Providers make plans to offer booster shots
Following CDC approval, first wave of dose eligibility could be next month
With federal officials recommending COVID19 booster shots for all Americans, Connecticut care providers say they are prepared to distribute hundreds of thousands of shots beginning as early as September.
The U.S. Centers for Disease Control and Prevention on Wednesday called for a third dose for anyone who received a Pfizer-biontech or Moderna vaccine, eight months after their second dose. The plan is awaiting approval from the Food and Drug Administration.
Dr. Jim Cardon, chief clinical officer at Hartford Healthcare, said Wednesday that the health system is still figuring out how best to distribute booster shots but that the process may look much different than it did earlier this year, when hundreds of residents lined up each day at mass vaccination sites.
The CDC said Wednesday its recommendation of COVID-19 booster shots came in response to evidence that the vaccines’ protection wanes over time, causing higher risk of breakthrough infection. The shots could begin the week of Sept. 20, the agency said.
During the initial vaccine rollout earlier this year, when vaccine demand was high and supply was low, providers set up the large sites capable of inoculating hundreds of people a day. Plenty of vaccine is now available, so Cardon said this time around much of the vaccine administration will likely happen in primary care offices.
“We’re in a much better place where if you have your clinician they should be able to vaccinate you in your office just like if you get a flu shot,” he said.
Still, Cardon said mass vaccination sites could reemerge as part of the booster-shot process.
“We are exploring whether we need some centralized locations to handle the volume that’s coming through,” he said. “I don’t think it will be anywhere near as big as [previously], but there may be some value in terms of vaccination to have some of the sites we’ve had in the past.”
Hospital officials say they don’t anticipate large backlogs for booster shots like last spring, when thousands of residents rushed to make appointments at once.
For one thing, they say, supply is more plentiful.
For another, people who have already been vaccinated might not feel the same rush to get a third shot.
“The immediacy and just the urgency may be a little different because in Connecticut we have a high rate of vaccination, so it’s not like people are totally unprotected, as was the case back in January and February,” said Dr. Ohm Deshpande, vice president of population health at Yale New Haven Health. “So while there are people who are going to be very enthusiastic and eager to get this booster, we’re not going to see those same huge rushes.”
Deshpande said the CDC’S announcement had come as a surprise and that officials were working through the optimal way to distribute booster shots.

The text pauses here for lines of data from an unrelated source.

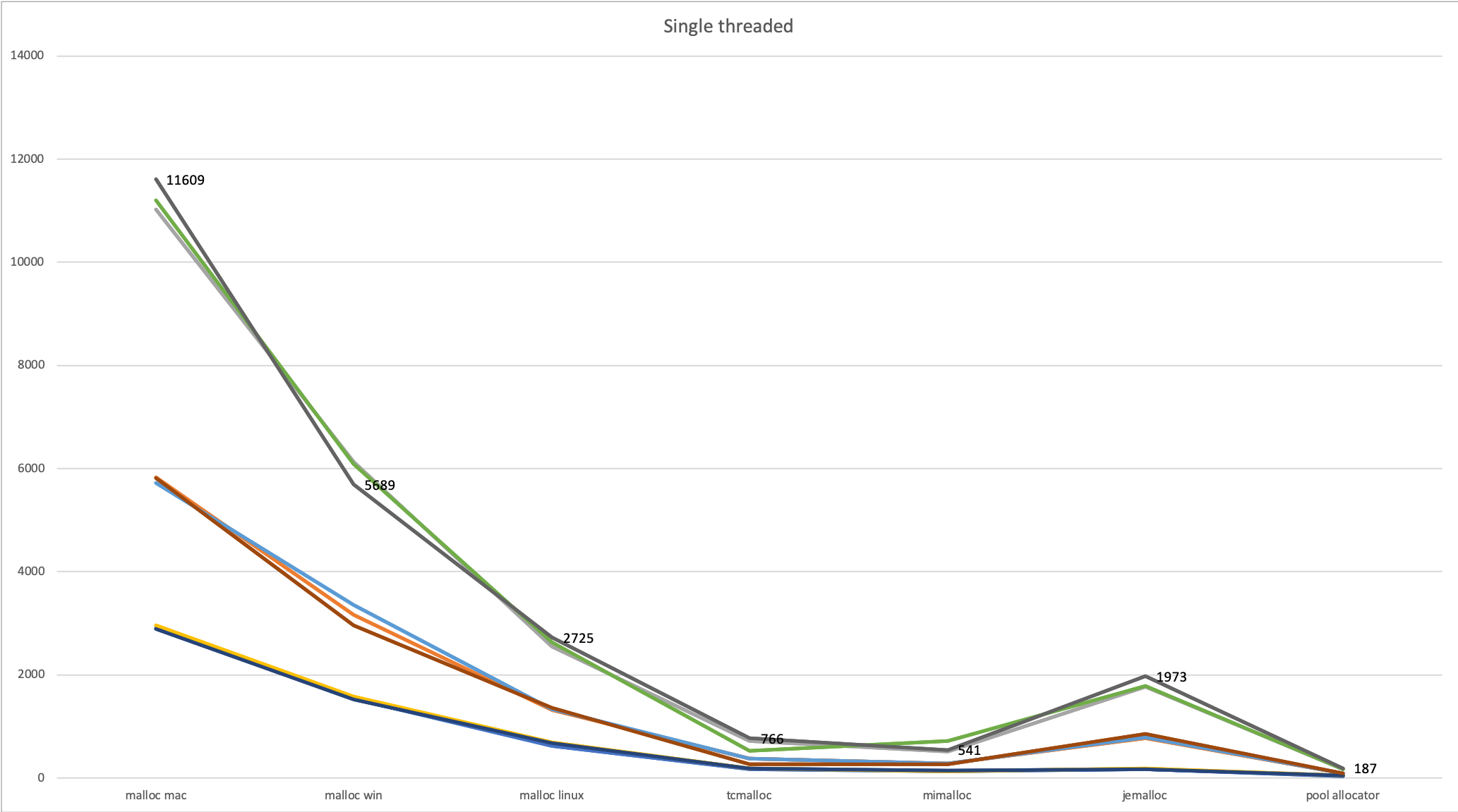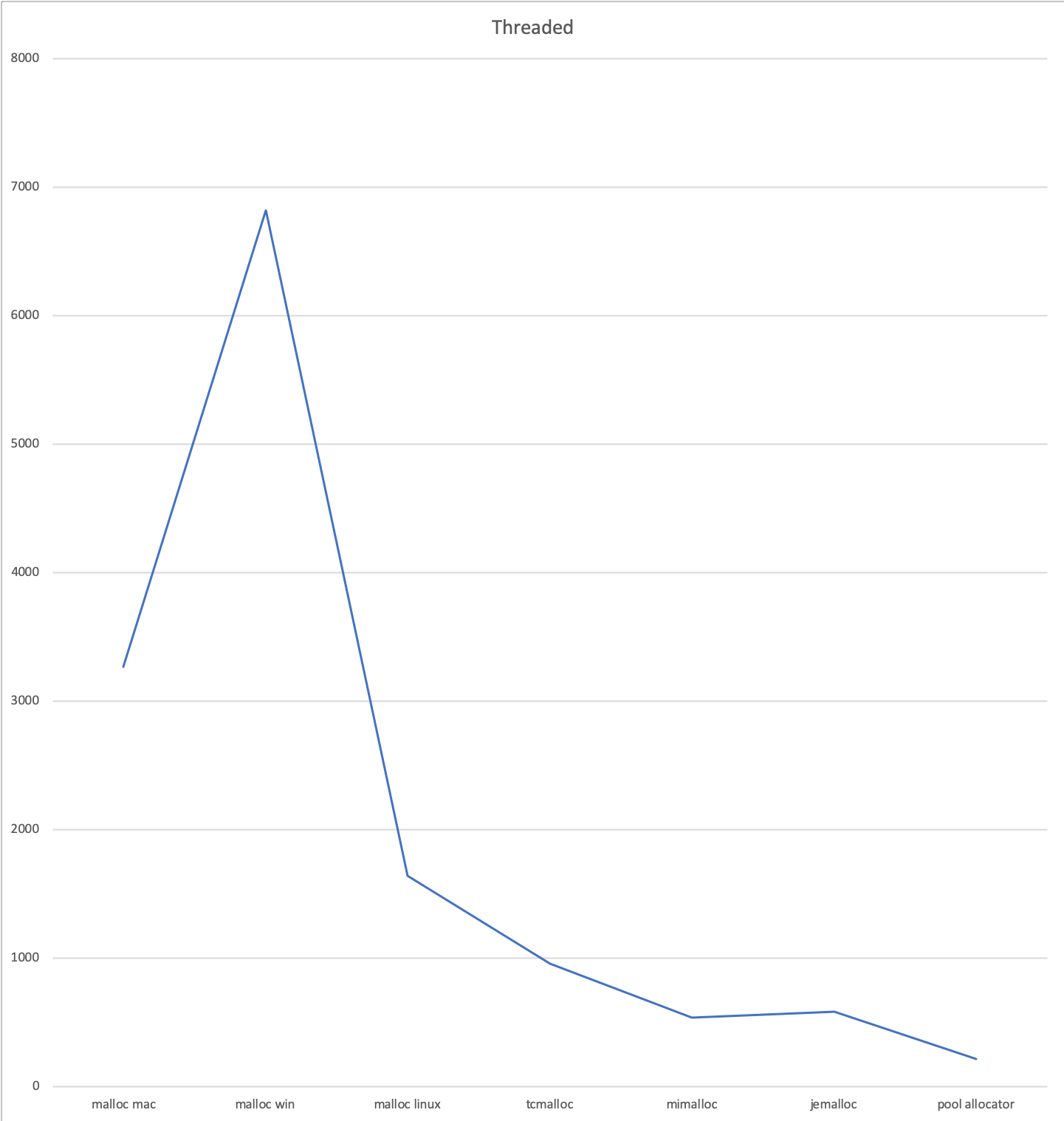 The threading model used here is the full multi-threaded implementation, with which our allocator still beats the fastest general purpose alternative by a factor of 2.5, and the default system mallocs consistently with a factor of at least 7.
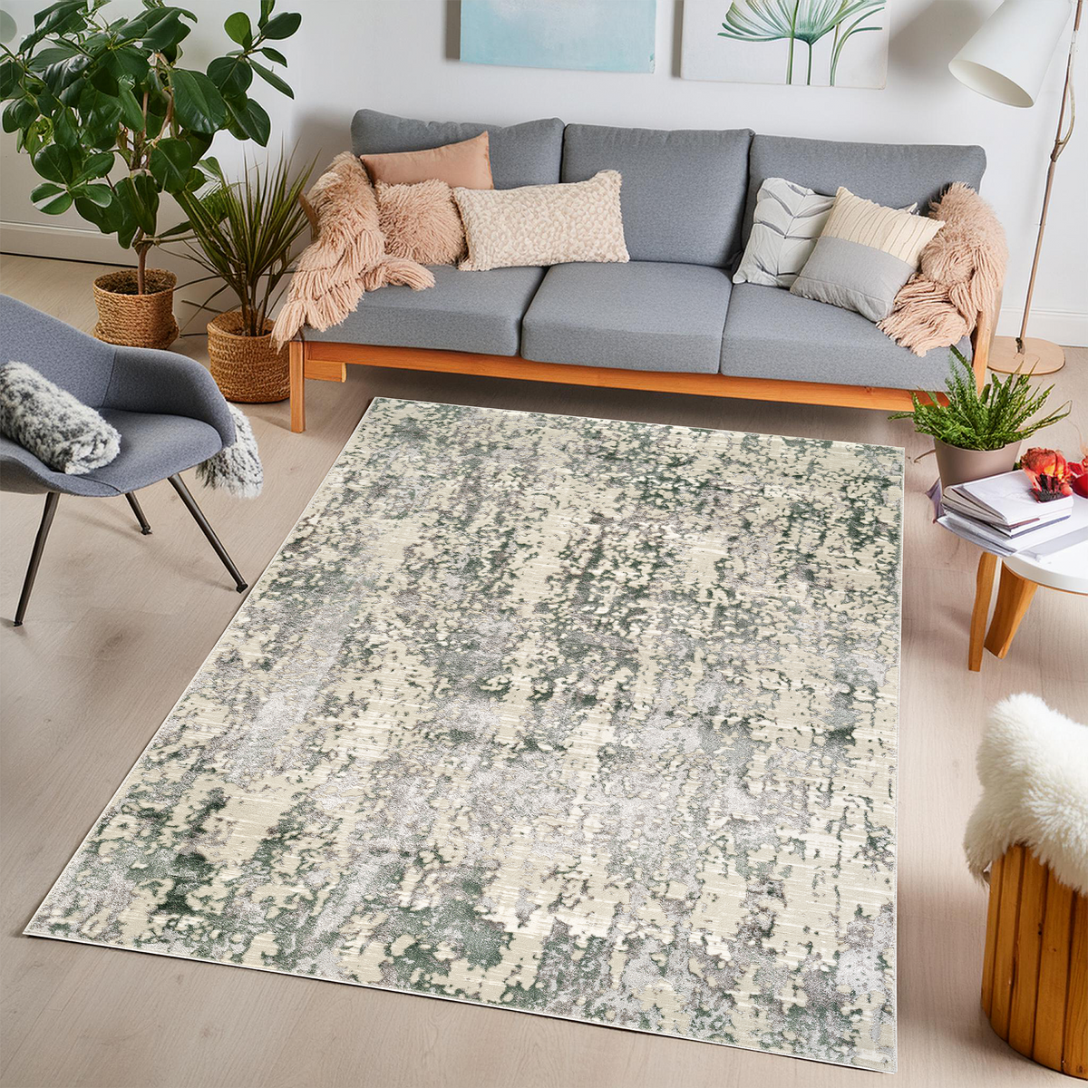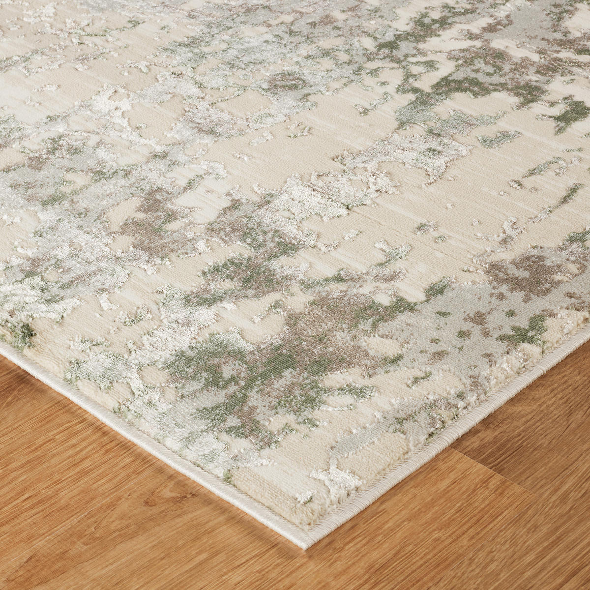 Our Vienna Aurora Green Rug features a stunning blend of soft beige, grey and green tones, perfect for adding a touch of modern elegance to any space. The intricate, distressed pattern creates a visually dynamic effect, making it a versatile choice for both contemporary and transitional interiors.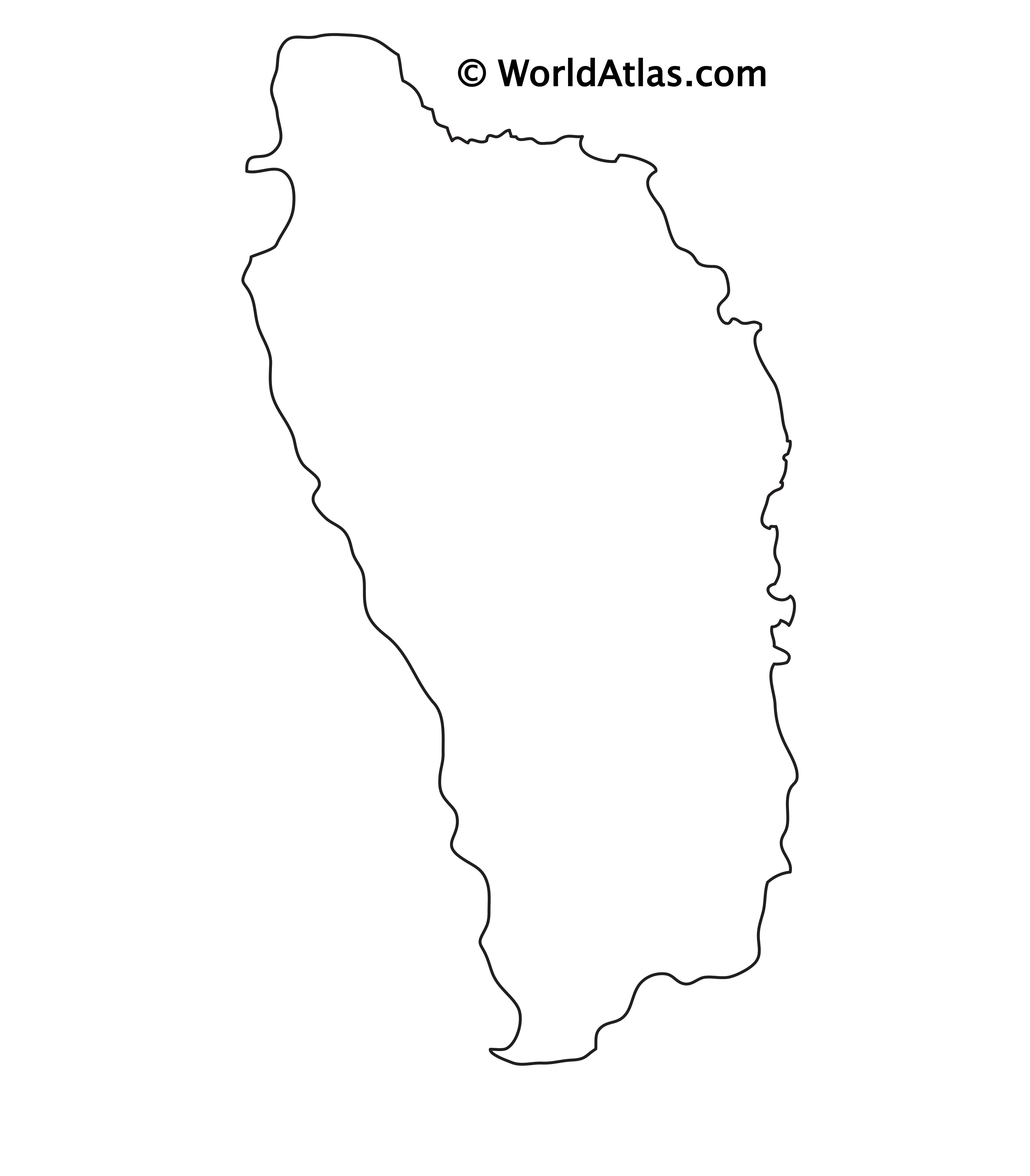 The above blank map represents Dominica, an island nation in the Caribbean Sea. The above map can be downloaded, printed and used for educational purposes.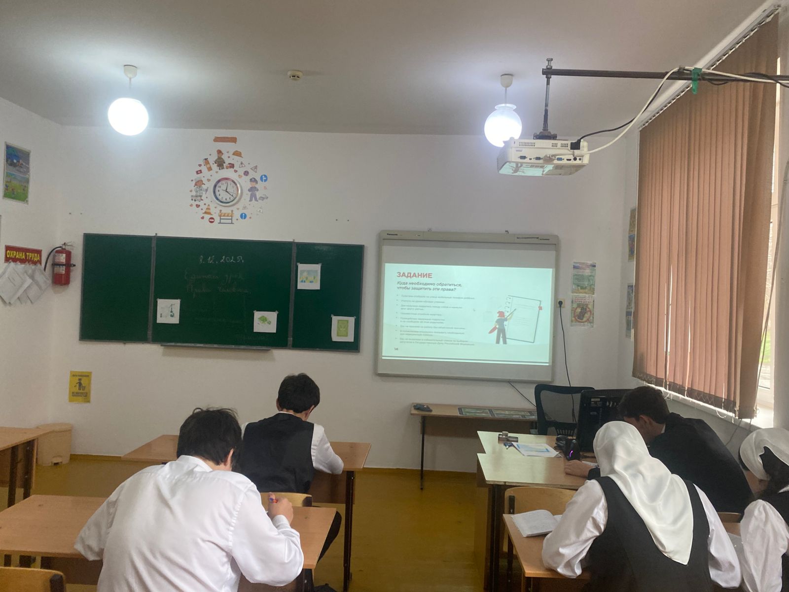 Целью урока являлась формирование у обучающихся понимания основ прав и свобод человека, ознакомление с международными стандартами защиты прав человека, развитие уважения к правам других людей, воспитание толерантности и гражданской ответственности. Учитель истории и обществознания Исламгериева М. И. пояснила, что такой урок направлен на повышение уровня правовой культуры молодежи и содействие формированию правового сознания.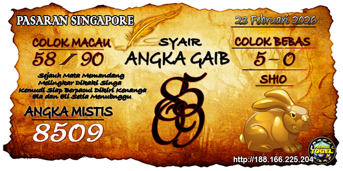 SYAIR ANGKA SINGAPORE HARI INI Senin 23 February 2026
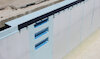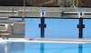 10 lanes: The pool measures 51x25x2 m. Initially 50 m long, it was lengthened to include a movable bulkhead. To accommodate the movable bulkhead one end of the pool had to be demolished and replaced with Myrtha panels. The pool has three overflow sides and an end with ceramic competition headwall. It is equipped with a movable bulkhead, 8 sets of recessed steps, starting blocks, mosaic lane markings, plastic mosaic targets and Ceramic 2 style Myrtha gutters.
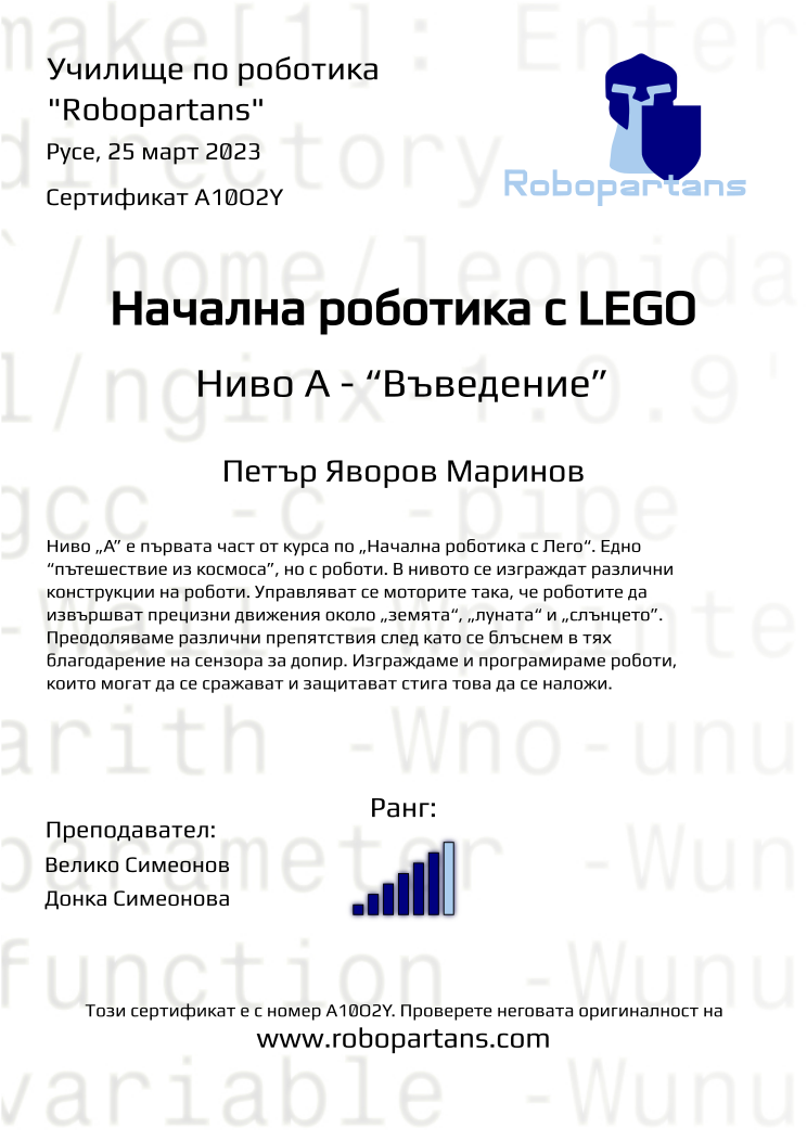 Retiffy certificate A10O2Y issued to Петър Яворов Маринов from template Robopartans with values,rank:6,city:Русе,name:Петър Яворов Маринов,date:25 март 2023,teacher1:Велико Симеонов,teacher2:Донка Симеонова

“I don’t have a ton of detail, frankly, because we’re still actively developing it, but the short answer is that we will have capacity out there, and it probably will look a little different than it did the first time around,” he said.
Cardon said Hartford Healthcare plans to reach out to patients who were vaccinated earlier this year as they become eligible for third doses, in an attempt to “smooth” the distribution process.
In a statement Wednesday, Trinity Health of New England said it was “actively preparing the logistics necessary to appropriately administer these additional doses.”
While most Americans will have to wait for the fall at earliest to receive a third dose, immunocompromised residents who received the Pfizer-biontech or Moderna vaccines are already eligible, after clearance from the CDC and FDA last week.
Recipients of solid organ transplants and others who are significantly immunocompromised are encouraged to contact their doctors to arrange their shots.
Gov. Ned Lamont said Tuesday that Connecticut was “ready to go” as far as distributing third shots. In a statement Wednesday, the Connecticut Department of Public Health said it “will continue to work with our federal partners, vaccine providers, and other stakeholders to be sure we are ready to provide boosters when they are recommended.”
“Currently,” the statement said, “DPH is focusing on getting everyone their first doses and on the third doses for immunocompromised individuals.”